Monday, August 27, 2007

(US) Summer TV

Here are a couple of shows to tide you over while you're waiting for the new seasons of House/Heroes/BSG/all of the above. Download away.

Burn Notice

You'll watch because of the premise, you'll stay for the chemistry (acting and actual). Spy gets cut off and is stuck without money or legal contacts in Miami. Reconnects with his estranged mom and takes odd jobs to pony up enough cash to find out who burned him. Has two sidekicks: an on-off girlfriend who used to be an IRA bomber, and a retired CIA buddy who drinks a lot and collects sugar mommies.

Cool use of voice-overs and subtitles, especially when explaining surveillance techniques and spy protocol. It also gives the show a "MacGyver" vibe, which extends to the jerry-rigging and improvisation using hardware tools. But Michael Westen is an anti-Mac in that he's itching to get back in the game. He also doesn't have the do-gooding, tree-hugging, anti-gun image of Angus, preferring, instead, to wheel and deal and put one over the bad guys.

Jeffrey Donovan is not dashing like Bond but has this insincere smile that never fails to crack me up. Gabrielle Anwar is still hot and (unlike, say, Jennifer Garner) projects enough edge and moxie to make for a believable covert operative. And Bruce Campbell is Bruce Campbell.

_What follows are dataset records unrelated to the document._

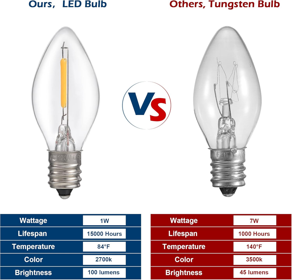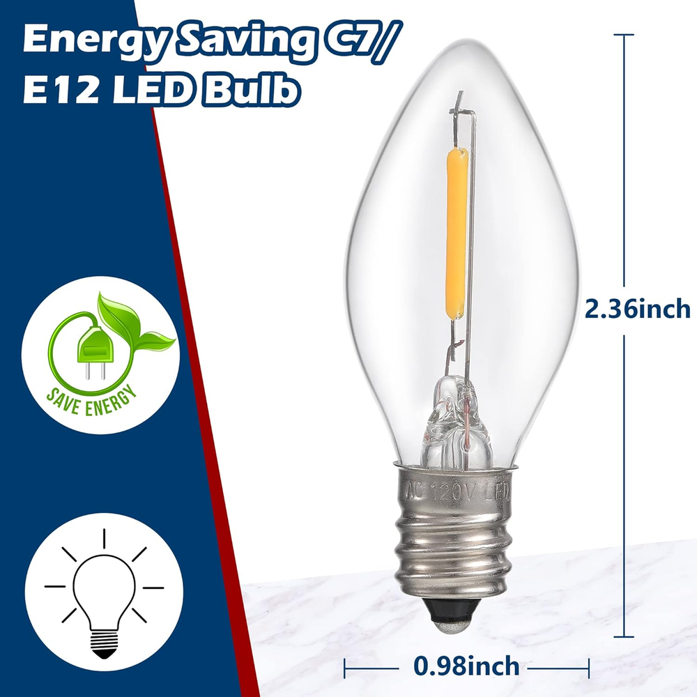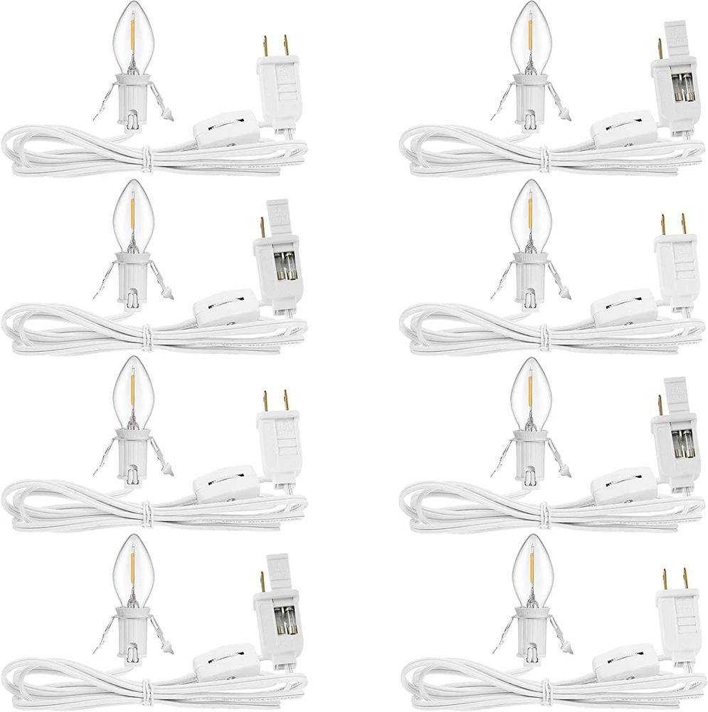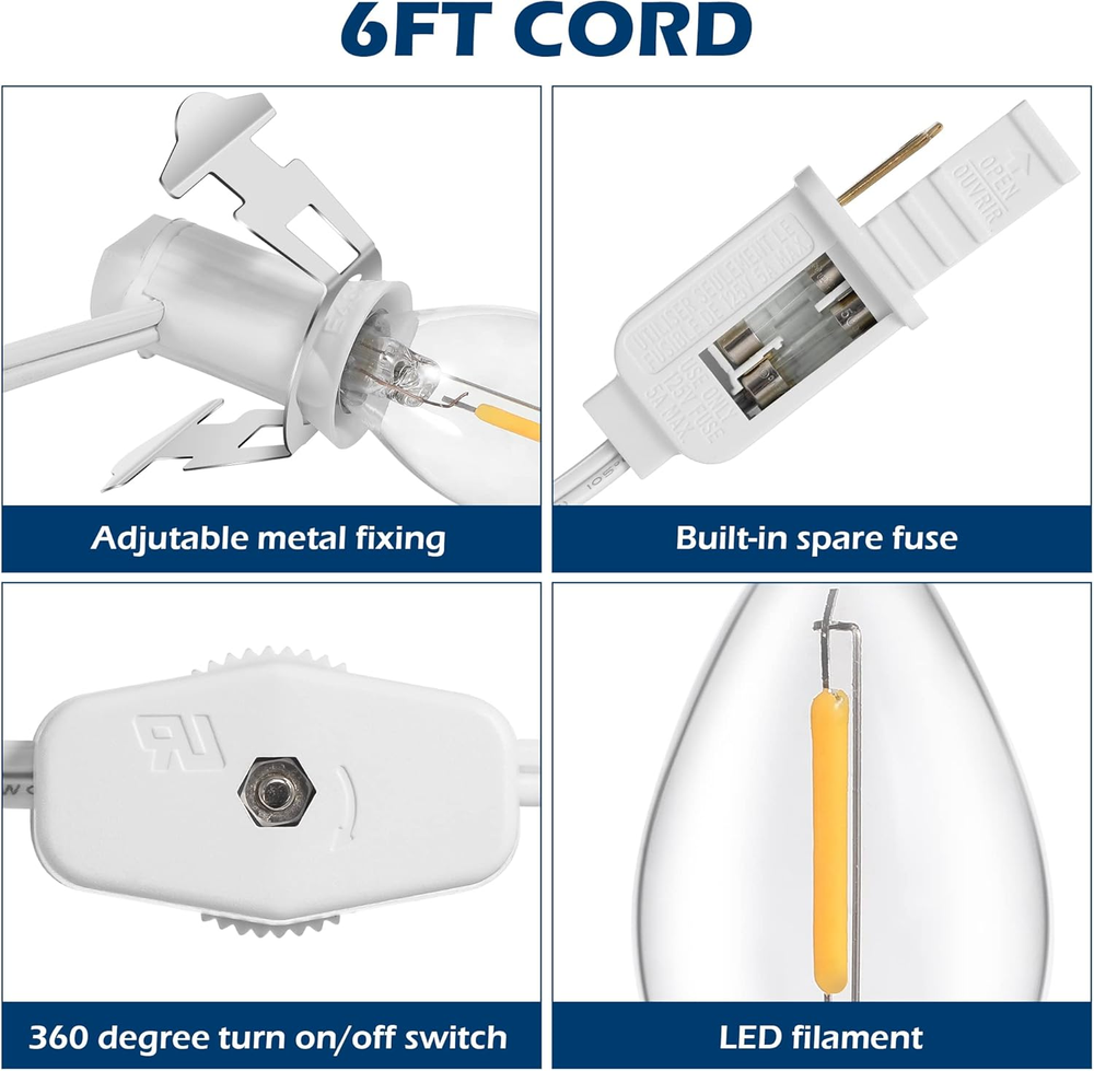 [Bright Blow Mold Light Kit] The candle C7 Light with accessory cord has stable bright and good enough length for your Halloween and Christmas village houses decorations, the switch ON/OFF allows you control the light easily [Energy Saving LED Light Bulb] LED filament bulb has more bright and cooler touch than traditional tungsten lamp to avoid burning your crafts, 1W energy saving and cord with light is safe for usage [2PCS Built-in Fuses Available] There are 2 pieces fuse wires built-in the plug, you can easily push open the fuse protection strip and remove the spared one, no more extra fuses need to buy
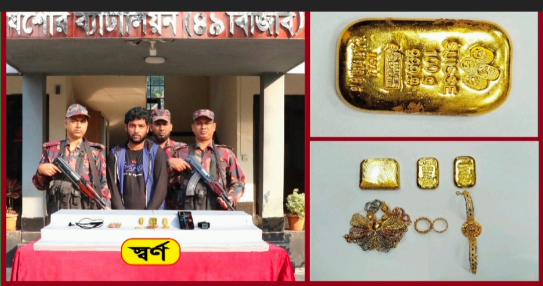 রোববার ( ০৭ ডিসেম্বর) ভোর সাড়ে ৫ টার সময় যশোর ব্যাটালিয়ন (৪৯ বিজিবি) এর একটি টহলদল গোপন সংবাদের ভিত্তিতে কোতোয়ালী থানাধীন দাইতলা ব্রীজের উপর অভিযান পরিচালনা করে ৫১৫.৯ গ্রাম ওজনের ৩পিচ স্বর্ণের বার, ৪ পিচ স্বর্ণালংকার এবং ১পিচ মোবাইল আটক করে।
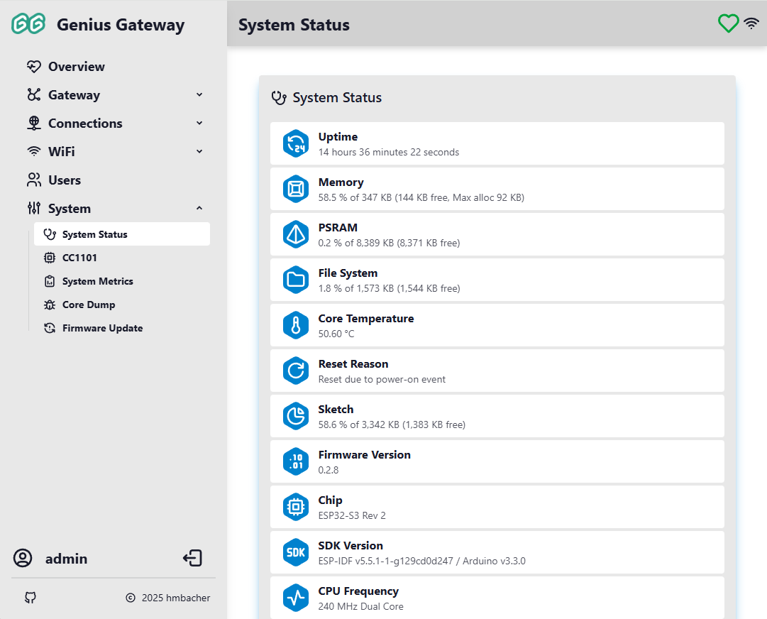 The System pages provide comprehensive information about the Genius Gateway's hardware status, performance metrics, diagnostic tools, and firmware management capabilities.
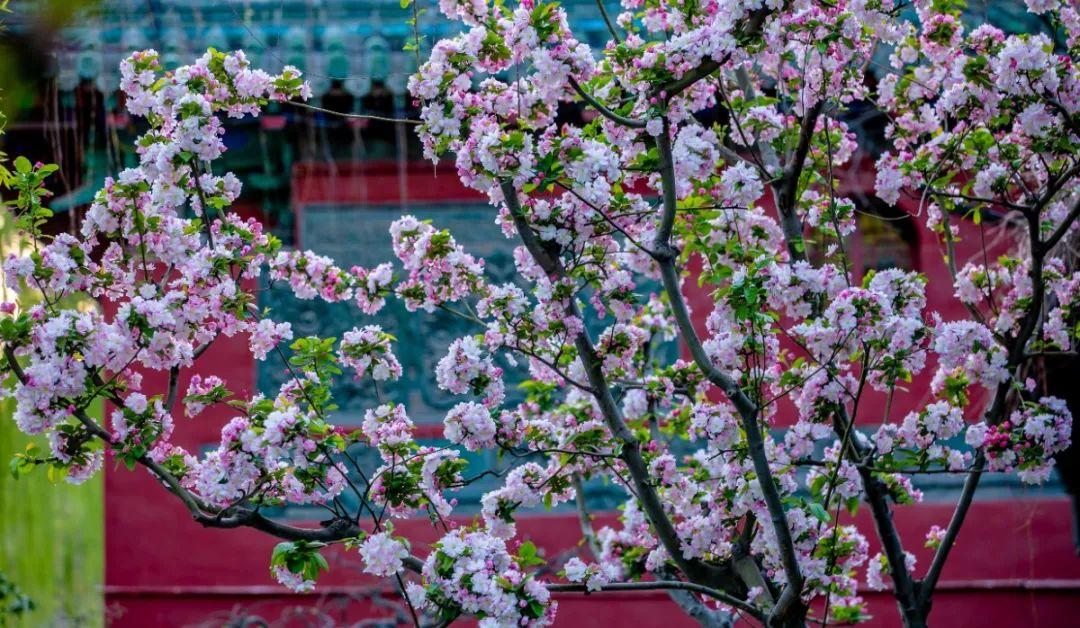 四月初,海棠花开满红叶谷的各个角落,尤其是位于兴教寺附近的海棠园,里面高低错落种植了芭蕾舞海棠、垂丝海棠、冬红果海棠、红丽海棠等十几种海棠花。

Best viewed as a marathon, with friends and food.

Mad Men

The show costs 2.5 million per episode, most of which is spent on production design (for which it'll probably win an Emmy). It's set in Madison Avenue in 1960, the "golden era" of advertising where people smoked all the time, blacks were waiters and doormen, and women were housewives, secretaries, or mistresses.

The main storyline is a bit too soap opera-ish for me but the B plots are cool. In the first two episodes the structure of an ad agency is explained by copywriter hitting on a secretary, the idea behind the Lucky Strike "It's Toasted" slogan is shown, and the basic concepts of psychology and consumer research (taken for granted now, revolutionary for that time) is discussed.

The cast is a bit big but the first few episodes introduce us to everyone. Best viewed in installments.

3 comments:

Boom said...

Burn Notice is so much fun! You're right, you come for the premise and stay for the chemistry. I'm so hooked, I've never missed an episode.

Bruce Campbell got ooold.

The promos for Mad Men didn't give the impression that it was period piece. That kinda turned me off when I saw it. But yeah, the production value is Emmy-worthy.

missingpoints said...

I take notes when I watch "Mad Men." I'm gonna use clips for my advertising class.

Burn Notice is on hiatus. Crap. Oh, and Gabrielle Anwar is hot but looks way too skinny to kick ass the way she does. Re: Bruce, it's been 15 years since "Xena" and about 25 since "Evil Dead." He IS old.

Boom said...

well, it's the us open that's why. which also makes good tv, at least for me.

hahah, yeah i know but i just saw a rerun of army of darkness and remembered how i had a mini crush on him, of which i now have no trace of whatsoever.